With pen and paper

As often with these problems, it is possible to find the solution by hand. The crucial aspect of these solutions is reducing the set of potential solutions.

The \( d_4d_5d_6 \) must be divisible by \( 5 \), thus \( d_6 \) must be \( 0 \) or \( 5 \). If \( d_6 = 0 \), \( 0d_7d_8 \) must be divisible by \( 11 \), which implies that \( d_7 = d_8 \). This is a contradiction since the number is pandigital, thus \( d_6 \) must be \( 5 \).

All the number \( 5d_7d_8 \) that can be divided by \( 17 \) are: \( 506, 517, 528, 539, 550, 561, 572, 583 \) and \( 594 \), but \( 550 \) is not pandigital. Let us now check the number \( d_6d_7d_8 \) that are divisible by \( 13 \), with \( d_6d_7 \) being defined with the above solution:

  • \( 06x \Rightarrow x = 5 \), but \( 5 \) is already used.
  • \( 17x \) has no solution.
  • \( 28x \Rightarrow x = 6\), gives \( 286 \) as a possible solution.
  • \( 39x \Rightarrow x = 0 \), gives \( 390 \) as a possible solution.
  • \( 61x \Rightarrow x = 1 \), but \( 1 \) is already used.
  • \( 72x \Rightarrow x = 8 \), gives \( 728 \) as a possible solution.
  • \( 83x \Rightarrow x = 2 \), gives \( 832 \) as a possible solution.
  • \( 94x \Rightarrow x = 9 \), but \( 9 \) is already used.

The current only possible solution for \( d_6d_7d_8d_9 \) are \( 5286, 5390, 5728\text{ and }5832 \).

We can continue with the same process for the divisibility by \( 17 \):

  • \( 86x \Rightarrow x = 7 \), gives \( 867 \) as a possible solution.
  • \( 90x \Rightarrow x = 1 \), gives \( 901 \) as a possible solution.
  • \( 28x \Rightarrow x = 9 \), gives \( 289 \) as a possible solution.
  • \( 32x \Rightarrow x = 3 \), but \( 3 \) is already used.

The current only possible solution for \( d_6d_7d_8d_9d_{10} \) are \( 52867, 53901\text{ and }57289 \).

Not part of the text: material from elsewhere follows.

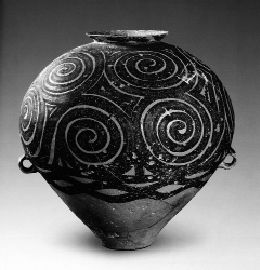 8点钟门卫一开门,我们就走进博物馆。由于要赶10点的汽车,征得门卫的同意后,我们便把背包留在门卫处,直接去参观五千年前新石器时代早期的彩陶展厅。这些彩陶最早是由瑞典考古学家安德生于1922年发现的,此前他在邻省陕西和河南也都有发现。之所以甘肃出土的这些陶器如此重要,是因为它们成为中国已知最早的艺术瑰宝代表作。作为陪葬品的陶罐上画有红黑两色图案,或许它们是受了流经此地黄河波涛的启发而作。陶罐体形硕大,数量仅为十几个,但每个陶罐上的图案却略有不同。很显然它们是用来在冥界盛饮用水的。我们在此徘徊良久。这些陶器如此简单,却又是如此精美。

We can continue with the same process for the divisibility by \( 7 \):

  • \( x52 \Rightarrow x = 2 \) or \( x = 9 \), but \( 2 \) is already used, gives \( 952 \) as a possible solution.
  • \( x53 \Rightarrow x = 5 \), but \( 5 \) is already used.
  • \( x57 \Rightarrow x = 3 \), gives \( 357 \) as a possible solution.

The current only possible solution for \( d_5d_6d_7d_8d_9d_{10} \) are \( 952867, \text{ and }357289 \).

For \( d_2d_3d_4 \) to be divisible by \( 2 \), \( d_4 \) must be even, with the remaining possible digits being \( 0 \) or \( 4 \) for \( 952867 \) and \( 0, 4 \) or \( 6 \) for \( 357289 \).

Thus, the only possible solutions are for \( d_4d_5d_6d_7d_8d_9d_{10} \) are \( 0952867\), \( 4952867 \), \( 0357289 \), \( 4357289 \), and \( 6357289 \).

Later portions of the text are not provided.